Value of the Backhand Loop

If I could go back 36 years and tell myself one thing as I was developing my game, I'd tell myself to develop my backhand loop.

Sponges weren't nearly as good back then as modern ones, and so it was much harder to backhand loop with great power without backing well off the table to give yourself time for a bigger swing. The thinking for many was that if you develop your footwork and forehand, you don't need as much of a backhand attack - i.e., "one gun is as good as two." And backhand loop? It was a nice shot, but not really necessary.

And so I didn't really develop a backhand loop until I'd played many years. The result is it's not natural or particularly strong, can be erratic, and is not a particularly instinctive part of my game.

With modern sponges you can loop just about anything, even balls that land short over the table (especially with the backhand, where you can wrist-loop it), and so players pick up the backhand loop early as a dangerous weapon. A good backhand loop gets you out of those pushing rallies (including pushing back deep serves to the backhand) that put you at the mercy of the opponent's loop. Meanwhile, I still struggle to get myself to backhand loop against deep serves (I can't step around and loop forehand every time), and against quick, angled pushes to my backhand, especially after a short serve to my forehand. You don't have to rip these backhand loops; consistency, depth, and spin are key. (You can often get away with a weak loop if it consistently goes deep.)

Just as difficult is backhand looping in a rally.

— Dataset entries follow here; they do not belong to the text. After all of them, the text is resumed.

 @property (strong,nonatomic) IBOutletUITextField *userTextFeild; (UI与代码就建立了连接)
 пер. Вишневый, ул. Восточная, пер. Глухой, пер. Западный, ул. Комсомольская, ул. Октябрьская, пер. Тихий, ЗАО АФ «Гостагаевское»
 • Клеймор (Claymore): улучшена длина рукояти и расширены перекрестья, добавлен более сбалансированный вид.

These days many of our up-and-coming juniors backhand loop (often off the bounce) just about everything - or at least topspin their backhands to the point where, compared to backhands of yesteryear, they are backhand loops. This turns players like me into blockers, and not in a good way. 

Not everyone has the athleticism to backhand loop over and over, though most people can if they spend enough time both practicing and (just as important) doing physical training. But just about anyone trained properly can turn their backhand loop into a dangerous weapon against pushes, deep serves to the backhand, and against low but soft blocks. Yes, I mean you, the person reading these words.

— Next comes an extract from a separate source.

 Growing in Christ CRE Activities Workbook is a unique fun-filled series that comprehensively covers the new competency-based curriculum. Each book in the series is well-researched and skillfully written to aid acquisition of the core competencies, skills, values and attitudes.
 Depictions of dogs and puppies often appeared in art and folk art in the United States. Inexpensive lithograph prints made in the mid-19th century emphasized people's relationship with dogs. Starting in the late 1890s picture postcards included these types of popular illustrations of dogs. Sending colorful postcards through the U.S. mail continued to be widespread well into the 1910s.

So develop that shot, and don't make the mistake I made so many years ago.

More on Backhand Looping

And since we're on the topic of the backhand loop, here's a new video out, "Backhand Loop Training" (6:41) from Dynamic Table Tennis (that's Brian Pace). It shows Brian demonstrating and explaining the backhand loop. Note near the start how he's backhand looping against block almost off the bounce, something few players did when I was starting out (except perhaps for Hungarian great Tibor Klampar).

Here's a tutorial (4:02) on the backhand loop against topspin by ttEdge.

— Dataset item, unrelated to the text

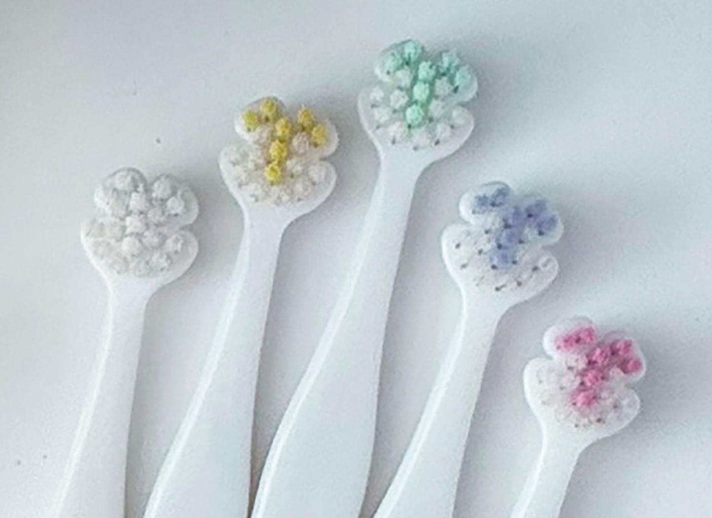 毛の硬さや長さ、配置は、何度も試作を重ねて微調整されており、強く磨かなくても軽く動かすだけで歯間までしっかり届くのが特徴です。

Here's a tutorial (4:12) on the backhand loop against backspin by PingSkills.

Here's a video (1:08) from a year ago of Chinese Coach Liu Guoliang feeding multiball to Ma Long, who is backhand looping against backspin. I don't recommend most of you try to loop with as much speed as Ma, but note that his loops aren't just speed - they have great topspin as well pulling that ball down.

Zhang Jike vs. Timo Boll

Here's a match from the 2012 World Team Championships between world #1 Zhang Jike of China versus the European #1 (and world #1 for three months last year) Timo Boll of Germany, with the time between points removed so it's nine minutes of non-stop action.

Behind the Back Save Against Saive

Here's a video (55 sec) of Marc Closset making a behind-the-back return to win a point at the 2012 Belgian Championships against Jean-Michel Saive. Make sure to watch the slow motion.

How to Win a Key Point

This player has taken his high-toss serve to a new level (0:20).